LE GÉANT DE TANDIL
Par Myriam Bouguerne
Juan Martín del Potro est le personnage mythologique par excellence. Il y a en effet chez l’Argentin un pouvoir magnétique tellement puissant, une structure physique, une force de caractère et un style de jeu si imposants qu’il en est à se demander s’il n’est pas en réalité la réincarnation de l’un de ces grands héros des légendes grecques.
Le visage fermé par des arcades sourcilières protubérantes légèrement tombantes, le regard profond traduisant une imperturbable sérénité mêlée étrangement à la lassitude des gens ayant trop vécu… Tout comme ces demi-dieux à la responsabilité écrasante, il semble porter tout le poids du monde sur ses immenses épaules, mais aussi lorsqu’on ajoute l’extrême lenteur de mouvements et l’attitude totalement relâchée qui le caractérisent, il donne l’impression de vivre dans un espace-temps qui n’est pas le sien, d’être en parfait décalage avec le commun des mortels.
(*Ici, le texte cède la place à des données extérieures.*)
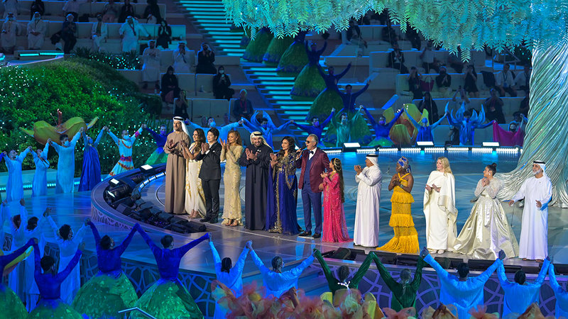 في ليلة كاملة الأوصاف، ترصّعت بأضواء ساحة الوصل الجميلة في قلب «إكسبو 2020 دبي» وأصوات النجوم، شدا نجوم عرب وأجانب في حفل افتتاح الحدث العالمي، ليلتقي المطرب الإماراتي حسين الجسمي، مع فنان العرب محمد عبده، ومغني الأوبرا الإيطالي أندريا بوتشيلي، والبريطانية إيلي جولدينج، وعازف البيانو الصيني لانغ لانغ، والإماراتية أحلام، وآخرين.. في أمسية أولى بـ«إكسبو دبي»، الذي وعد ضيوفه بإبهار متواصل، على مدار ستة أشهر.. لن يتشابه فيها يومان.

Une discordance qui a tendance à s’intensifier lorsque ce colosse aux pieds d’argile fait son apparition sur un court de tennis. L’entrée est toujours extraordinaire. La tour avance, le pas est lent et lourd, son mutisme assourdissant, le temps semble s’être ralenti et on croirait voir alors Gulliver pénétrer le royaume de Lilliput.
Il est d’une puissance sans égale, en témoignent ses frappes en coup droit d’une force brutale absolument désarmante. Le mouvement est aussi ample que le battement d’ailes d’un albatros, et la projection de son coude vers l’avant est faite avec une telle vigueur qu’il est difficile de ne pas faire une analogie avec l’artillerie du XVe siècle : on ne dit pas qu’il arme sa frappe mais qu’il charge son canon. Un geste à la fois pur et fulgurant dont la monstruosité se trouve décuplée lorsqu’il l’accompagne d’un râle à la gravité bestiale.
D’apparence inébranlable, il est pourtant l’un des joueurs les plus fragiles du circuit. En effet, à chaque fois qu’il réussit à atteindre un niveau digne de lui et de son talent, il est alors contraint d’arrêter sa saison à cause d’une énième nouvelle blessure ou de la résurgence d’une ancienne. Il doit donc fournir l’effort de revenir au plus haut niveau, encore et encore et toujours. Cette histoire, aussi triste qu’elle est absurde, n’est pas sans évoquer le fameux mythe de Sisyphe. Les dieux avaient condamné Sisyphe à rouler sans cesse un rocher jusqu’au sommet d’une montagne du Tartare d’où la pierre retombait continuellement par son propre poids.
« Il faut imaginer Sisyphe heureux », disait Albert Camus. « Le chemin importe peu, la volonté d’arriver suffit à tout ». Une façon de dire que les combats valent la peine d’être menés ardemment, et cela malgré leur absurdité. « La lutte elle-même vers les sommets suffit à remplir un cœur d’homme », Juan Martín del Potro est ce même héros, supérieur à son destin, plus fort que son fardeau.